A total of 19,532 plasma and 9,208 serum samples were tested in the prototype assay. The mean number of RLU and the standard deviation of the population were determined; a provisional cutoff was set at 5,000 RLU, which is equivalent to 31.6 times the standard deviation of the negative population. The provisional cutoff was applied to the population set, and initially reactive samples (S/CO of ≥1.0) were retested in the prototype assay in duplicate. Repeatedly reactive samples were subjected to supplemental IFA assay testing.
IFA testing.
Samples identified as repeatedly reactive during specificity testing using the prototype assay were subsequently tested by indirect fluorescent antibody (IFA; Quest Diagnostics, Madison, NJ, USA). An IFA test for clinical babesiosis samples was performed at the Wadsworth Center, New York State Department of Health (NYSDOH) (Albany, NY, USA) (11). IFA testing for the macaque serum was performed as described previously (25). In all IFA assays, samples with titers of ≥1:64 were considered reactive for antibodies to B. microti.
Molecular testing.
For macaques, quantitative PCR was performed as described previously (25); briefly, a quantitative PCR was developed targeting the 18S rRNA gene, and a standard curve using known parasitemia levels was used to express cycle threshold (CT) values as the number of parasites per microliter. For clinical babesiosis samples, NYSDOH performed reverse transcription-PCR (RT-PCR) on EDTA-preserved whole-blood samples as previously described (16). Briefly, total DNA was extracted from a 200-μl aliquot of blood and eluted in an equal volume. A real-time PCR assay targeting the 18S rRNA gene of B. microti was performed. The assay has been shown to have a limit of detection of between 10 and 100 gene copies per reaction product, which equates to 5 to 10 parasites per μl of blood (16).
RESULTS
Specificity characterization and determination of provisional cutoff.

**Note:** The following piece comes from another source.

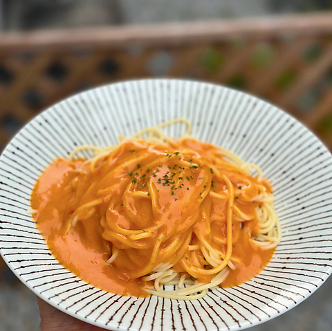 ぷりっとしたイカの食感と、明太子のほどよい塩気がクリームソースに溶け込み、ひと口ごとに奥深い旨みが広がる贅沢パスタ。まろやかなコクの中にピリッとしたアクセントがあり、最後まで飽きずに楽しめる味わいです。濃厚なのに重すぎず、ついフォークが進む一皿に仕上げました。

A total of 28,740 donor samples (19,532 plasma and 9,208 serum) were tested on the Architect using the prototype anti-Babesia assay. Upon analysis of the population, a provisional cutoff was set at 31.6 standard deviations from the median relative light unit (RLU) signal of the population (Fig. 1 and Table 1). There were seven initially reactive samples that were reactive when repeated (five plasma and two serum samples; initial/repeat reactive rate of 0.024%) when the provisional cutoff was applied to the population. The repeat reactive samples were further evaluated for B. microti antibodies by supplemental IFA testing (Table 2). Two repeat reactive plasma samples were confirmed by supplemental IFA testing; the resolved specificity was determined to be 99.98%. Analysis of the resulting S/CO distribution showed that 98.6% of samples had an S/CO of less than 0.1 (Fig. 1B). Additionally, a panel of antibody-positive cases of Lyme disease (n = 31) were tested, and none were found to be positive (see Table S1 in the supplemental material).
FIG 1.
Specificity testing: distribution of volunteer donors. (A) Plotted are RLU values of volunteer donors (n = 28,740) from areas of nonendemicity. Note the break in the y axis between 10,000 and 50,000 RLU. (B.) Distribution of nonreactive S/CO values (S/CO of ≤1.0).
TABLE 1.
Specificity of prototype anti-Babesia assay on donors from areas of nonendemicity
| Parameter | Value by sample typea |
|
|---|---|---|
| Plasma (n = 19,532) | Serum (n = 9,208) | |
| Sensitivity (RLU) | ||
| Mean | 156.18 | 137.30 |
| Median | 125.00 | 118.00 |
| SD | 165.52 | 126.90 |
| 95% CI | 153.85–158.50 | 134.71–139.89 |
| Cutoffb | 5,000 | |
| SD from median cutoffb | 31.6 | |
| Specificity (%) | 99.97 | 99.99 |
| Resolved specificity (% [95% CI]) | 99.98 (99.97–100.00)c | |
Total number of samples, 28,740.
Determined for the combined population.
Determined for both serum and plasma samples.
TABLE 2.
Profile of repeatedly reactive samples
| Sample type | Architect test (S/CO) |
IFA test |
|||
|---|---|---|---|---|---|
| Initial | Repeat reactive 1 | Repeat reactive 2 | Titer | Interpretationa | |
| Plasma | 35.6 | 36.2 | 36.2 | 1:128 | Positive |
| 37.7 | 38.2 | 40.1 | 1:64 | Positive | |
| 36.6 | 39.4 | 37.9 | <1:64 | Negative | |
| 12.7 | 12.9 | 13.5 | <1:64 | Negative | |
| 1.6 | 1.5 | 1.5 | <1:64 | Negative | |
| Serum | 13.5 | 14.4 | 14.4 | <1:64 | Negative |
| 2.2 | 2.2 | 2.2 | <1:64 | Negative | |
An IFA titer of ≥1:64 is considered positive.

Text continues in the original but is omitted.